Lessons learnt from the AlzEye approach
AlzEye highlights an opportunity for maximising the value of routinely collected data to support research for patient benefit. However, there are a number of governance and technical challenges when undertaking large-scale investigator-led data linkage.53 In AlzEye, early dialogue between experts in information governance, IT and data protection at both institutional parties (MEH and UCL) as well as the data production team at NHS Digital established a privacy-by-design linkage approach, which enhanced privacy preservation while maintaining computational feasibility.30 54 At its worst, an intrusion of the identifiable data during the development of AlzEye would have informed the violator that a given individual had visited MEH at some point between 2008 and 2018. Due to the novel approach of AlzEye within our centre, the greatest governance hurdle was securing study sponsorship, a process which took nearly 8 months. Once approved, permissions from the bodies of the HRA and overall approval were given within 8 weeks. Linking with high-dimensional imaging data also posed several technical obstacles. As highlighted recently by the American Academy of Ophthalmology, ophthalmic imaging technologies suffer from limited interoperability and low compliance to standardised formats, such as DICOM.55 A key undertaking within AlzEye was thus the secure and robust but efficient fully automated processing of raw ophthalmic imaging data from its proprietary file format with associated metadata to standard DICOM form with the identifiers stripped. Fortunately, while this operation requires significant technical and engineering input, most medical imaging modalities already benefit from standardisation among vendors obviating this step for other researchers seeking to emulate our approach. Finally, a key objective of AlzEye is the development of clinical prediction models using deep learning approaches, which require significant computing capacity. Provisions for graphics processing units (GPU) housed within UCL enable this step; however, others may consider recent guidance on the safeguards required for locating health data within cloud environments and the implications this brings for accessing virtual GPUs.56
Limitations of the AlzEye cohort
Despite the opportunities afforded by AlzEye, there are several limitations to this kind of approach and potential sources of bias.

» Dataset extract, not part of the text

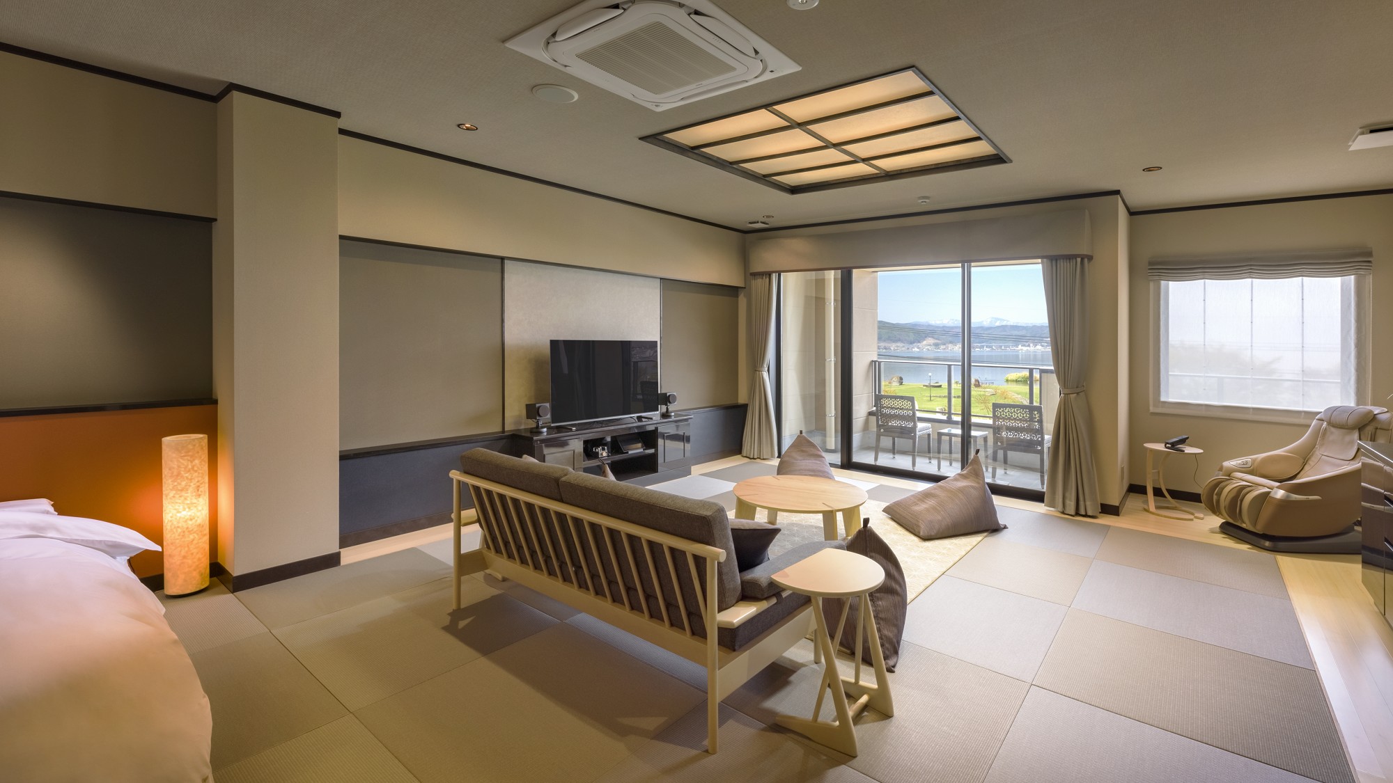 Suite Quad Room, Lake View, Nightlife View, Non-Smoking (206[Rinzu-Silk Satin]Western-Style Room With Open-Air Bath / 100 Square Meters)
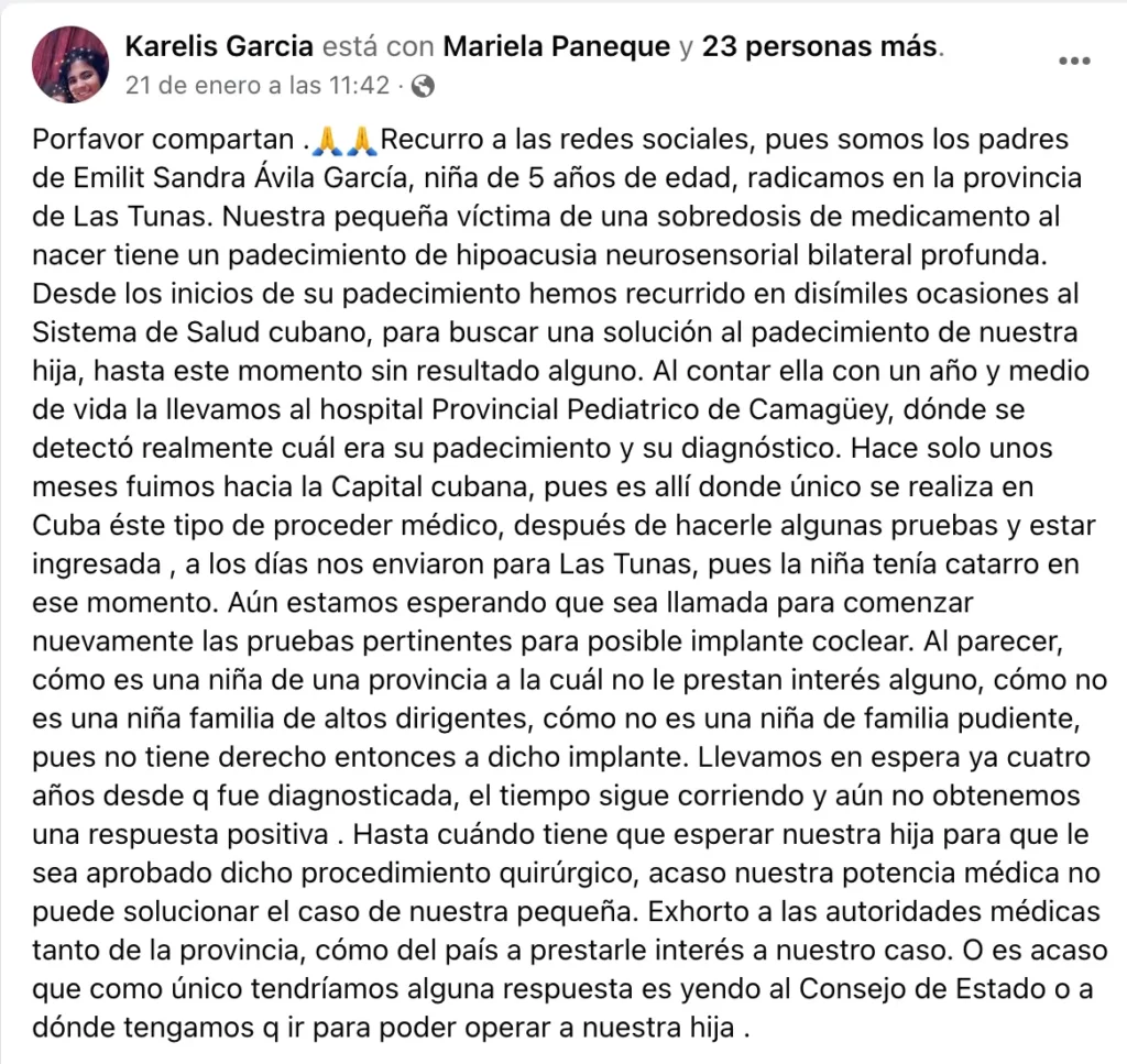 Estos padres cubanos concluyeron el mensaje preguntando cuánto tendría que esperar su hija para recibir la aprobación para el procedimiento quirúrgico y expresaron su deseo de que las autoridades médicas provinciales y nacionales le prestaran atención al caso de su pequeña.

First, caution must be paid to the validity of HES diagnostic coding.57 Although previous validation studies have concluded that discharge coding within HES is sufficiently robust for research purposes,31 58 sizeable proportions of cases may be missed when using individual sources.59 For example, recent work linking the EHRs of 54.4 million people in England showed that HES captured 80.5% and 65% of myocardial infarctions and stroke/transient ischaemic attacks, respectively, when compared with linkage additionally incorporating death registry and primary care records.60 One mitigation strategy for this source of bias for real-world data is therefore linking to multiple sources. In terms of selection bias, as a hospital-attending cohort, the individuals within the AlzEye cohort are likely to have greater medical comorbidity than the general population, limiting the external validity of any findings. In addition, by the very nature of the dataset, patients within the AlzEye cohort will have definite or suspected ophthalmic disease, particularly among those with repeated retinal imaging. The risk of under-recording of potentially important variables such as smoking may also lead to residual confounding.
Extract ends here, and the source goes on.